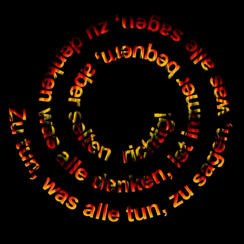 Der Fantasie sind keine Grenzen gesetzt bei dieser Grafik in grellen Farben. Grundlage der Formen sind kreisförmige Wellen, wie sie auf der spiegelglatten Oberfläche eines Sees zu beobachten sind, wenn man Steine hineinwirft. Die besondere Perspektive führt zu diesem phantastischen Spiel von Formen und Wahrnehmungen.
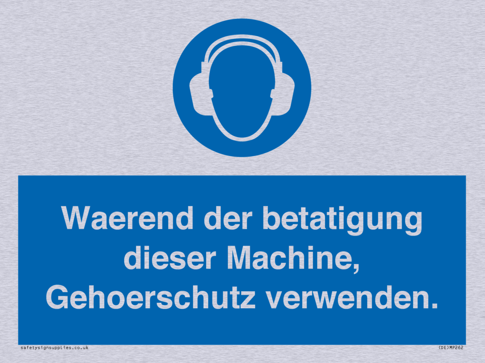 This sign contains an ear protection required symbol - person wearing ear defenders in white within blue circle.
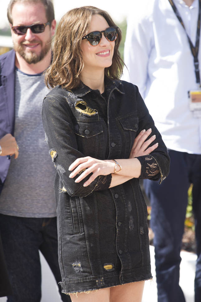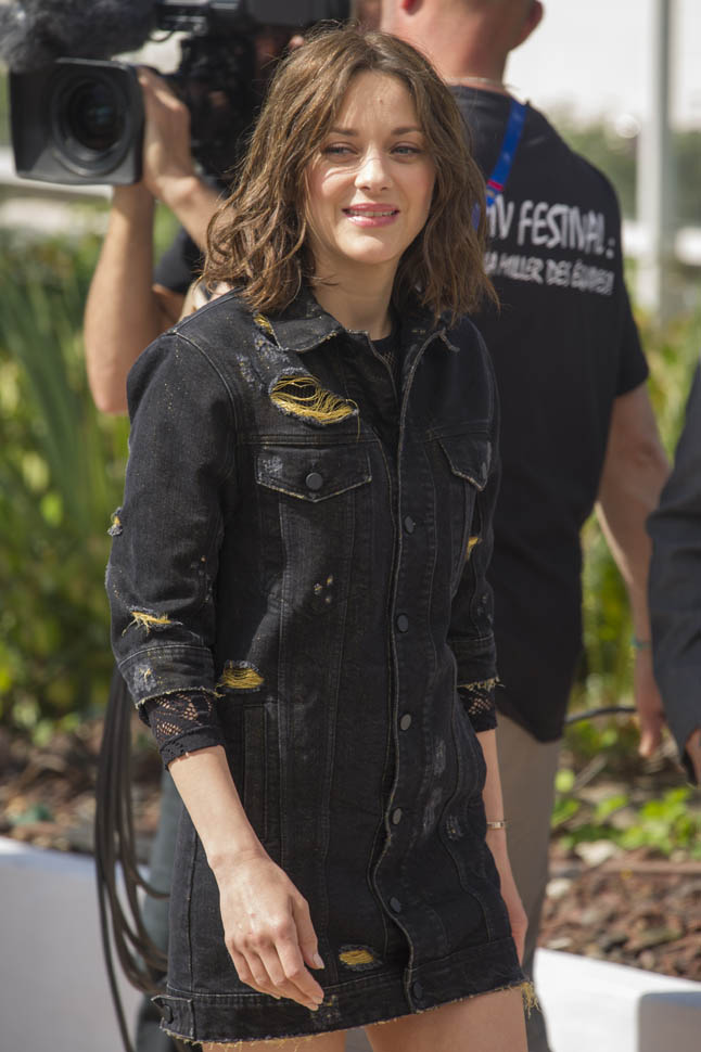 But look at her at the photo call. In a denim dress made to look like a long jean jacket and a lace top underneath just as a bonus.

WHAT THE TASK ASKS: Would you restate the listing word for word without its pictures?

RESPONSE:
 Der Fantasie sind keine Grenzen gesetzt bei dieser Grafik in grellen Farben. Grundlage der Formen sind kreisförmige Wellen, wie sie auf der spiegelglatten Oberfläche eines Sees zu beobachten sind, wenn man Steine hineinwirft. Die besondere Perspektive führt zu diesem phantastischen Spiel von Formen und Wahrnehmungen.
 This sign contains an ear protection required symbol - person wearing ear defenders in white within blue circle.
 But look at her at the photo call. In a denim dress made to look like a long jean jacket and a lace top underneath just as a bonus.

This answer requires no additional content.